万岁爷第一个召幸的不是他们家主儿,二阿哥又病殃殃的,如今的热灶不是长春宫,他就是想神气也神气不起来。

李氏在里面气了许久,气得睡不着觉,一直等,却没等到红缨进来禀报,火气渐渐跟心窝子一样泛了凉。

眼角的泪不知不觉就落了满腮。

红缨是从小陪着她一起长大的婢女,她不至于怀疑红缨敷衍。

就是因为知道红缨为了自己好,如今长春宫竟成了睁眼瞎,自己也没恩宠,才叫李氏心里更难受。

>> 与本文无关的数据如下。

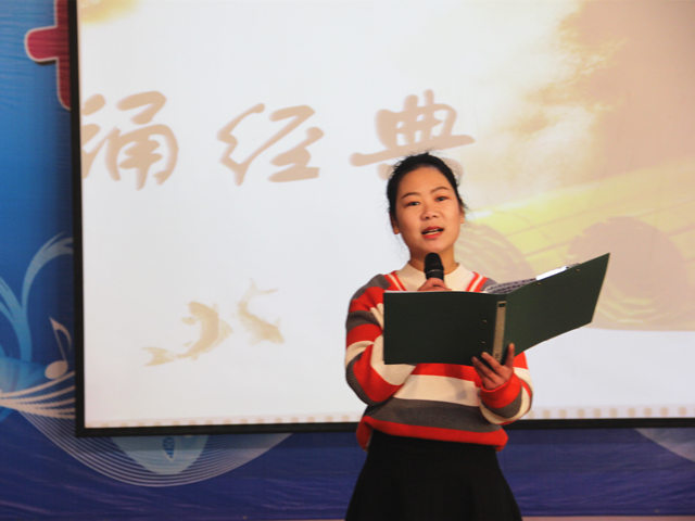 在第二期道德讲堂主持人雷伟、何克珍的引导下,全体教师右手轻抚胸口,轻闭双眼,在舒缓的乐曲声中,静静反省近期的行为。这种独特的方式开启了我校第二期道德讲堂的序幕。

火气和悲凉只能往肚子里咽,李氏拿着已经揉得不像样子的帕子擦干眼泪,妩媚的脸上渐渐没了表情。

以前她能在潜邸压住乌拉那拉氏,现在她也绝不认输!

没有恩宠,她就争,谁敢拦她的路,她就要谁的命!

事实上,养心殿的消息虽不好探听,但大半夜里叫水的事儿是尚寝局伺候,也瞒不住。

红缨说得没错。

若老人侍寝,在永寿宫请安,皇后必要提点几句。

若新人侍寝,也得去给皇后磕头,后宫妃嫔怎么都会知道谁被临幸了。

可最早知道的,不是掌管彤册的皇后,却是在慈宁宫被从梦里薅醒的耿舒宁。

钮祜禄静怡眼眶红肿,气得浑身发抖。

“她怎么敢!在慈宁宫就敢用阴私手段,往后岂不是连小主子们也敢动手?简直是不要命了!”

耿舒宁迷迷糊糊爬起身,下意识问:“谁啊?”

问完,她反应过来,除了佟思雅也没别人。

抬起头,就着钮祜禄静怡手里的油灯,耿舒宁瞧见她面上还没彻底褪下去的红痕。

像是过敏了。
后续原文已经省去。